▶ _SOURCE MATERIAL_
----

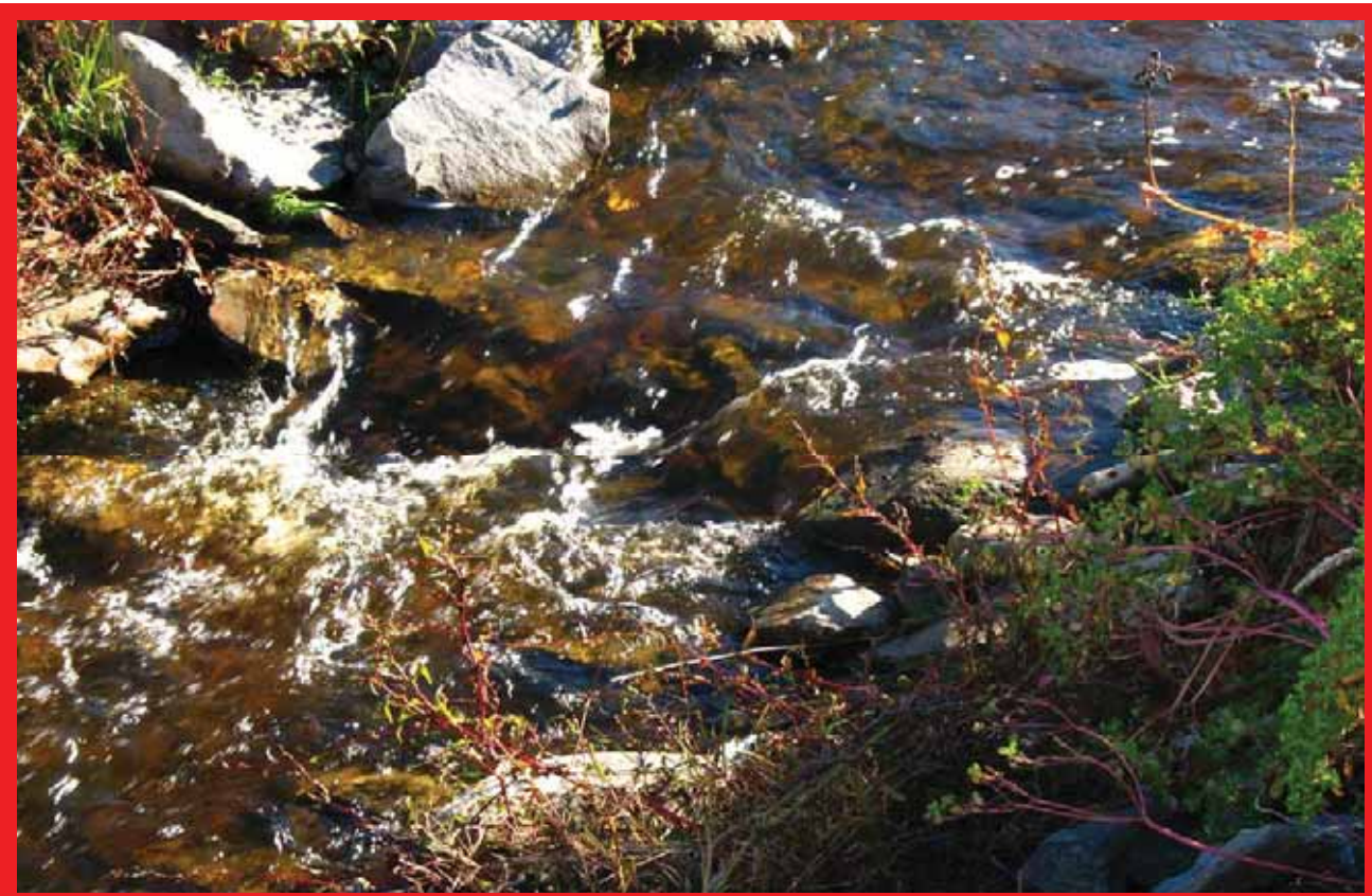
DISSIPATION D'ÉNERGIE ET RÉDUCTION DE VITESSE AU MOYEN DE SEUILS DE PIERRE

On peut protéger le lit d'un cours d'eau sensible à l'érosion en construisant des seuils dissipateurs d'énergie* en vue de réduire la pente longitudinale et les vitesses d'eau. On réduit ainsi les forces de cisaillement qui mettent en mouvement le matériel du lit.
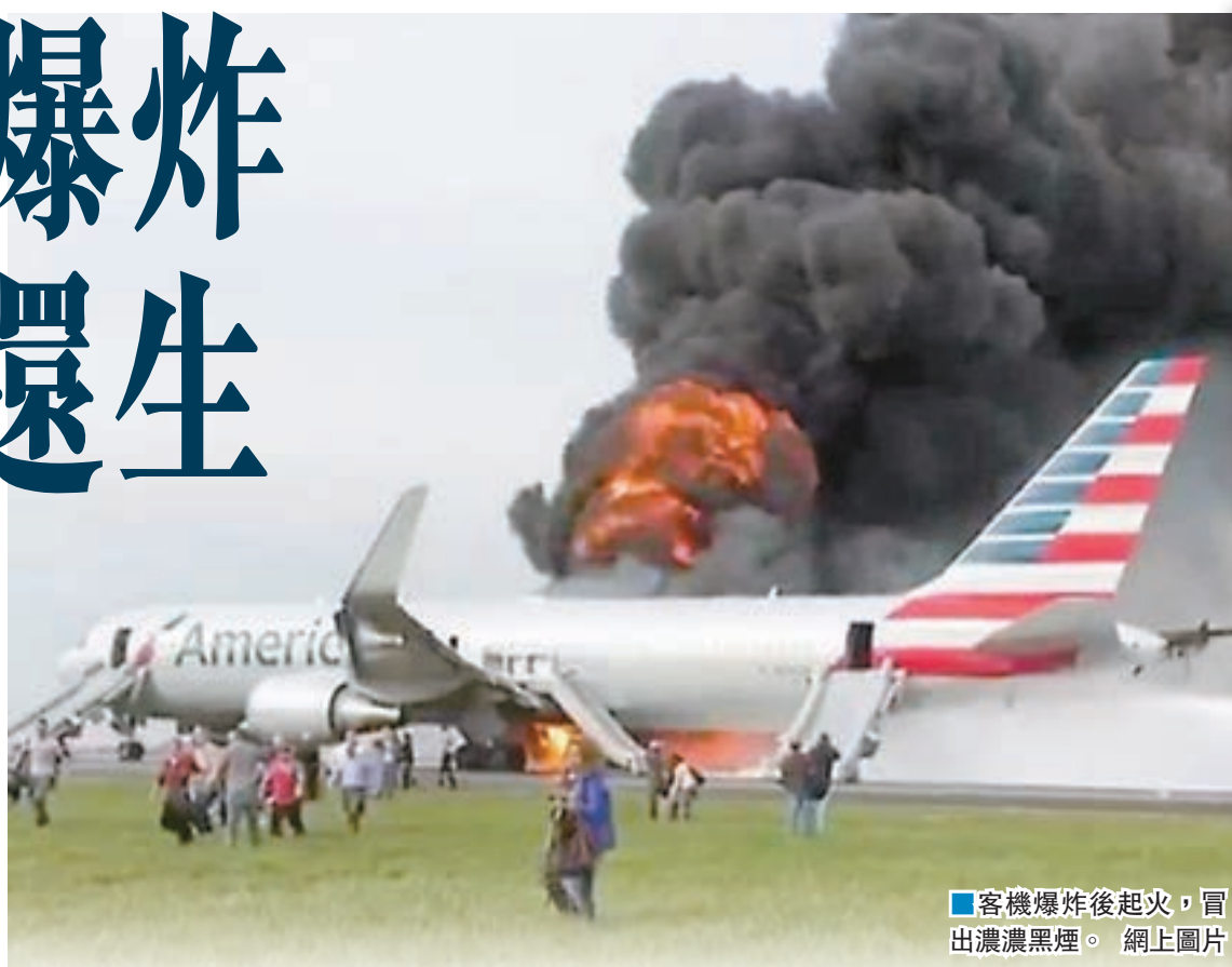
客機爆炸後起火，冒出濃濃黑煙。網上圖片

----

Quote the listing above in full, except for the pictures.

▶ _ANSWER FOR THE TASK_
DISSIPATION D'ÉNERGIE ET RÉDUCTION DE VITESSE AU MOYEN DE SEUILS DE PIERRE

On peut protéger le lit d'un cours d'eau sensible à l'érosion en construisant des seuils dissipateurs d'énergie* en vue de réduire la pente longitudinale et les vitesses d'eau. On réduit ainsi les forces de cisaillement qui mettent en mouvement le matériel du lit.
客機爆炸後起火，冒出濃濃黑煙。網上圖片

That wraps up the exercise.